Science for Decision Making on Uranium Mining in Arizona

Quantify Water and Uranium Movement in the Unsaturated Zone at Sites through the Mine Life Cycle

At Pinenut Mine

Pinenut Mine Life Cycle

Soil-profile samples collected at Pinenut mine sites represent conditions during active mining.

Measurements and analysis of hydrogeochemical conditions and soil–plant cycling can aid understanding of unsaturated-zone processes that affect uranium movement into soils, retention in soils, and potential transport from soils to surficial ecosystems and underlying groundwater. When breccia pipe ore is extracted and exposed at land surface, uranium and other toxic elements may be redistributed within and around the mine site by blowing dust and surface-water runoff. Comparative analyses of water and uranium movement (fluxes) under varying mine life-cycle conditions will help to determine how mining operations and reclamation activities affect the amount, distribution, and transport of elements in the soil profile, and will allow for a quantitative assessment of potential pathways for subsequent transport into the environment and biota.

Questions this study could help answer

What are the hydrologic and geochemical conditions at sites that represent different stages of the mine life cycle, and how do these conditions vary in space and in time within and among sites?

What are the water- and uranium-flux rates and directions at the sites, and how do these fluxes vary among sites and with time (seasonal, annual, decadal)?

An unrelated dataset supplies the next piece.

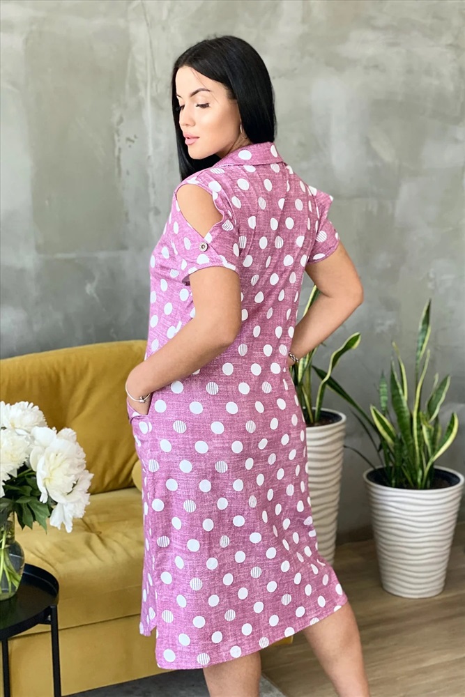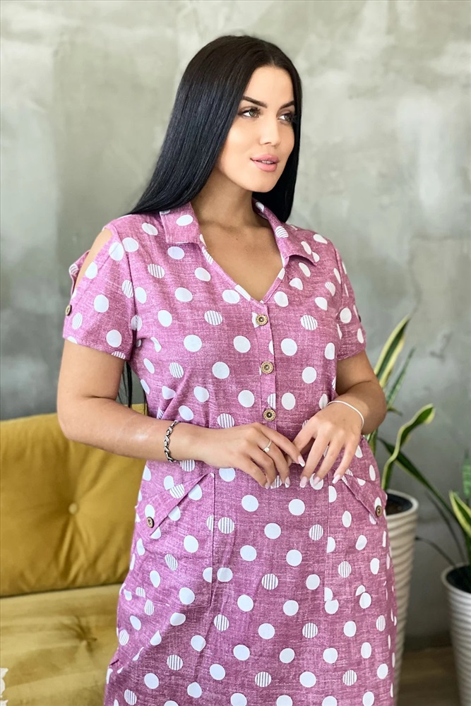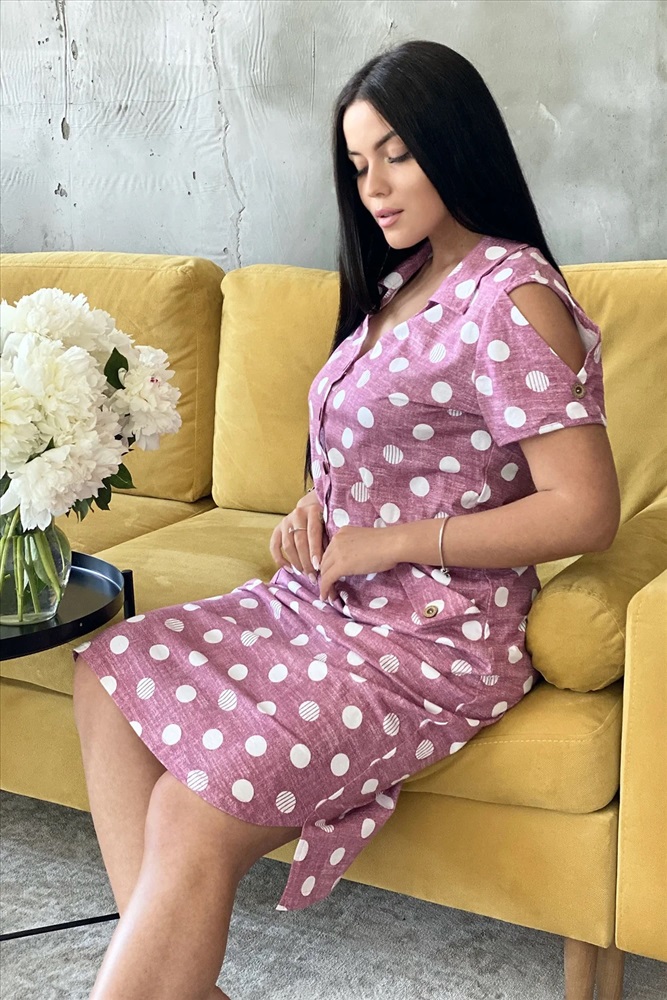 Производитель: Натали; Российский размер: 46; Обхват груди: 92; Обхват талии: 71; Обхват бедер: 98; Артикул поставщика: 7270; Ткань: кулирка; Состав: хлопок 100%; Сезон: Весна, Лето; Год: 2024 Платье женское полуприлегающего силуэта с застежкой поло.

How do soil-plant-atmosphere continuum processes affect water and chemical transport at the sites, and what are the associated implications for exposure pathways of mine byproducts?

Objectives

Collect soil-profile samples in April and November 2018 at sites representing conditions:

  • before mining (EZ2),
  • during active mining (Pinenut),
  • after mining and before reclamation (Arizona 1), and
  • after mining and reclamation (Kanab North).

Analyze samples to characterize hydrogeochemical conditions and physical properties that can affect unsaturated-zone flow and chemical transport1.

Combine sample data, along with element-concentration, plant-community, and weather data, with mechanistic and empirical modeling to quantify water and uranium fluxes at the different sites.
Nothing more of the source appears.